Being strong by being Quiet
Every book is an insight into someone’s soul, a lifetime of discovery condensed into an easily digestible format. Yet not all books are created equal. Most books touch you but very few can be termed as profound. One such profound book that I read recently was Quiet: The power of introverts by Susan Cain. It touched something inside me and turned a life knob or something. I see the world very differently after having read this book.
Take a moment and imagine some of the things we do every day: speak up, speak out, push back, write about achievements, advertise our work, evangelize things we believe one. There is a common thread that binds all these behaviors: they are all extrovert behaviors to a certain degree.

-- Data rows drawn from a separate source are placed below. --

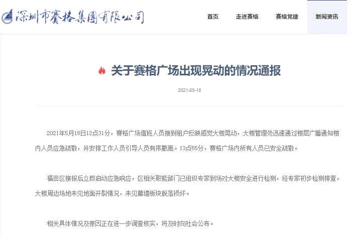 5月19日,深賽格官網(wǎng)發(fā)布消息稱,經(jīng)專家初步檢測(cè)排查,大樓周邊場(chǎng)地未見(jiàn)地面開(kāi)裂情況,未見(jiàn)幕墻板塊脫落損壞,其他相關(guān)具體情況及原因正在進(jìn)一步調(diào)查核實(shí)。深賽格表示,公司將持續(xù)關(guān)注事件的具體進(jìn)展,請(qǐng)不要相信謠言,一切以官方通報(bào)為準(zhǔn)。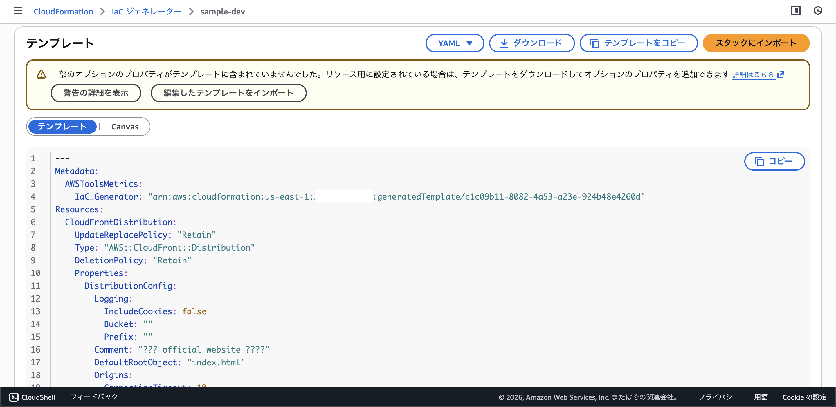 CloudFormationのテンプレートが表示されていますね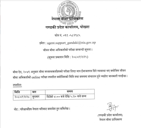 नेपाल बीमा प्राधिकरणको गण्डकी प्रदेश कार्यालय, पोखराले आज एक सूचना जारी गर्दै यही २८ गते बुधबार परीक्षा हुने जनाएको हो। अनलाइन माध्यमबाट हुने उक्त परीक्षामा देशभरका परीक्षार्थीहरु समावेश हुन पाउनेछन् ।

Now take a moment and imagine a classic introvert: passionate about their work, not interested in advertising or evangelizing their work, would prefer to be left alone and get things done. An average person displaying these behaviors in life or at work would be considered anti-social and would not be the poster boy of corporate company. In fact it is highly likely that showing only these behaviors you would have a hard time trying to get yourself taken seriously or getting promoted.
Let’s look at another introvert perspective: Imagine you were an introvert who prefers to be by yourself more than being social, to reflect and be quiet, to find happiness within and small things in life. Now imagine being surrounded by a world of constant stimulus, Facebook-Instagram-Snapchat. In a world with every second visual being advertising of things you are missing out on by sitting alone at your home. You feel like you are wrong, your existence is messed up, perhaps you even feel like you have a mental illness.
I wasn’t a classic introvert but there were more days than I would like where I felt like I did not fit in this world. There were definitely days where I felt I was mentally ill to not be able to socialize, to not want to put most of my life on an external forum, to want to pick a book and curl up in the bed and spend the whole week doing just this. At times it felt like I was wasting time and not achieving anything by being indoors. Until I read the book Quiet.
The first and most profound takeaway for me was: Introverts derive strength from being by themselves, by reflecting, from their own company and thoughts. It was just natural and there was nothing wrong with this. That just explained why I felt more energetic after being in the wilderness, or spend a weekend alone reading and also why I felt tired after a social encounter.
The second takeaway for me: the world is full of introverts so I am not the odd one out. Almost 20-30% in the world might be considered introverts. I felt there was confidence in the numbers. 20% of the humans on this planet cannot be mentally ill. And if they are termed “mentally ill” or “mentally unfit” it’s probably the science that is broken and not the people.
The third takeaway: the world is rigged in favor of extroverts. Without extrovert behaviors it is hard to win, it is hard to get yourself heard and to move up the corporate ladder. The processes that we operate by, the characteristics we define leaders by, the rules we play the game by are all rigged towards extroverts. That is just how the world operates right now. Just this awareness helps you look at the world differently. You are not living anymore thinking you can’t win. You realize that part of the reason is that the system is rigged against you a little. The other thing is that it helps explain a lot of unconscious bias we have around this subject and how we hardly acknowledge this particular form of bias. So knowing that most rules work for extroverts help you prepare yourself better.
The fourth and final takeaway for me: Group-think, over-indexing on collaboration and open floor plans is just the conventional wisdom of our time but not the absolute truth. After reading the book I felt more confident to acknowledge that something may not be right with this approach. I may not be the most productive in an open floor plan seating. I may not have my best ideas trying to brainstorm in a room of 10 people. I may not want to always collaborate. Rather what I need is to find more quiet time to do my best work and then collaborate to build on those ideas.
To sum it up, I would like to present one of the most memorable lines for me from the book: There is no (Zero) correlation between being a good speaker and having good ideas. And a lot of problems in the world right now (including the 2008 financial crash) was due to those people making decisions who could speak well (and not necessarily know well or have good solutions).